I’ve opened all the windows, and the cool ocean breeze blows in as my Taylor Swift beats drift out. Over the last few days, I’ve done my best to keep busy. You know, not hyper-focus on missing a certain someone. So that’s why I’m dancing around, singing offkey and unpacking.

Truth be told, I don’t have a whole lot and the place is furnished, but I’ve been searching for this bag. It has my Kindle in it, and I’m tired of reading my smut on my phone because it drains my battery so fast, and it always falls on that last bar just when things start getting spicy.

After the incredible night with Soren, I’m in dire need of a good book boyfriend to help me get over him.

My happiness climbs when I spot my sticker-covered Paperwhite kindle. Funny how books do that, instantly put you in a good mood, but they do. And romance is my perfect escape since I’ve never actually had any in real life. That makes me think back to the other night again, and for a second, I almost retract the thought, but Soren wasn’t being romantic. He fucked me like a bull.

Grabbing it, I search through the rest of the backpack’s contents.

Lip gloss, a bottle opener, a sweatband from when I wrongly wore a Richard Simmons Halloween costume, and my birth control. Wait… What?

Grabbing the small blue compact, I try to remember the last time I took one. It had to be last week before I loaded the car and drove down here.

Suddenly, the room spins and my hand flies to my stomach. I feel fine, but we’d been drinking wine, and I’m almost positive Soren never put on a condom.

Oh shit fuck. No. Holy complication, Batman.

If it’s only been a week, I can’t take a test and get an accurate result. My knees begin to jump with anxiety. The realization I might be pregnant with my brother’s best friend slowly sets in. I shouldn’t even think about it.

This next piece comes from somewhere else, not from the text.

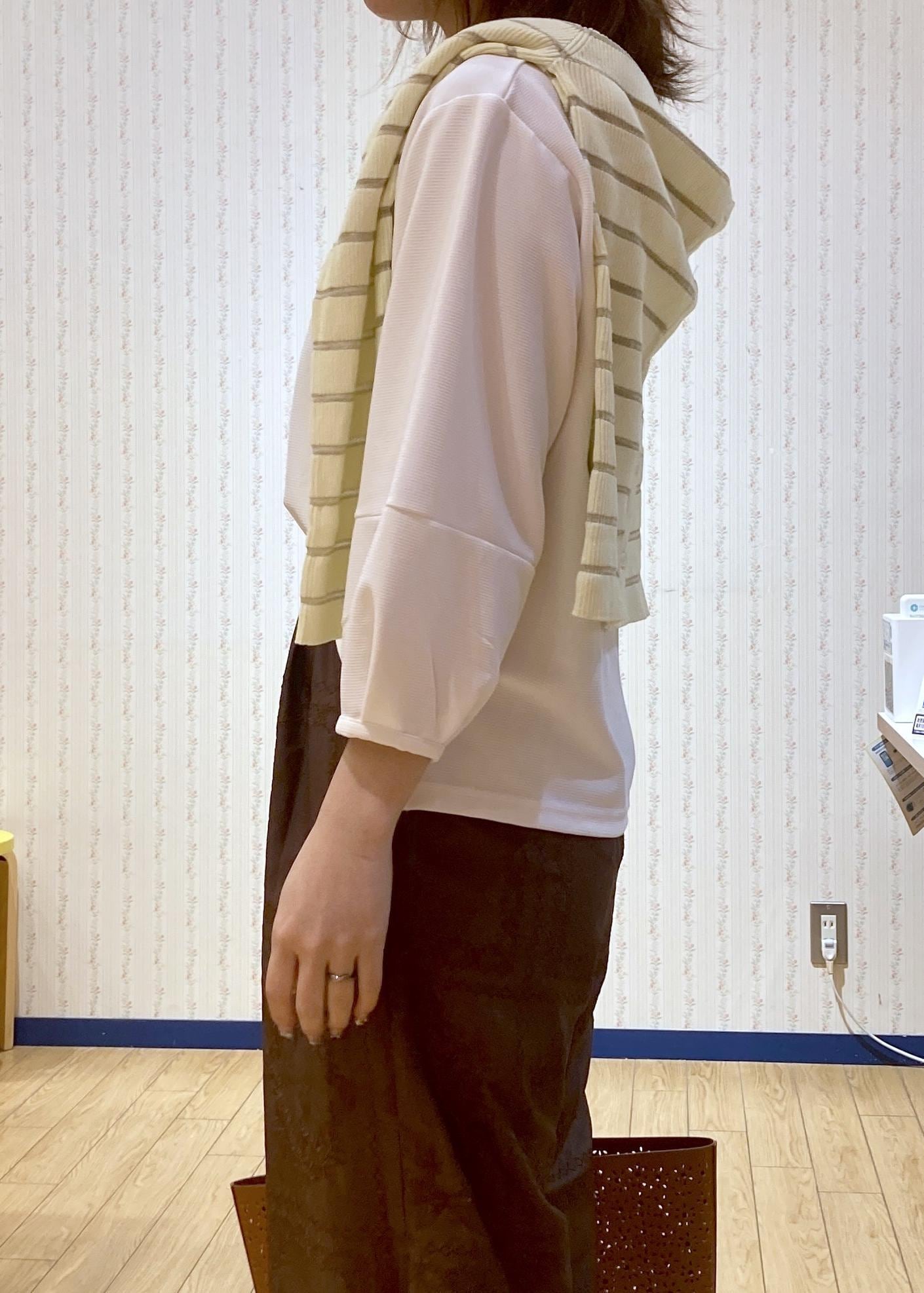 ゆったりとしたサイズ感で体のラインを拾わず着れます!

I’ll just wait it out and take a test…but that’s easier to say than do.

Already, my mind is spinning. How can I get ahold of Soren? What will he say?

As much as it sends acid to my stomach, I don’t think he’d be happy. Milo definitely won’t be, and he’ll probably declare war when he finds out it’s Soren, who isn’t even here to defend himself.

My big brother will go apeshit. Tell me how disappointed he is in me. Ouch, it burns already. This little town is more gossipy than Sycamore Mountain. I’ll have all the tongues wagging when they find out I’m knocked up with no baby daddy. Will they all label me a harlot? Does the older generation still do that? I hope not, but I can handle it.

This was suppose to be my do-over. I escaped the small town for beach life. I’m jobless, living at my folks’ vacation house, living off the money I got after selling Pour Decisions. I am far from mom material, and yet with the spark of a possibilities, I realize I really want it.

That’s crazy. I can’t. I’m not even good at taking care of myself. Truth is, I only sustain my own life with fast food and ramen noodles. I didn’t go to college, and I’m not really talented or particularly good at anything.

With that thought, my anxiety is back, banging on the door.

“Hey, girl, hey, you can’t do this.”

Turns out my inner self is a real cunt-waffle.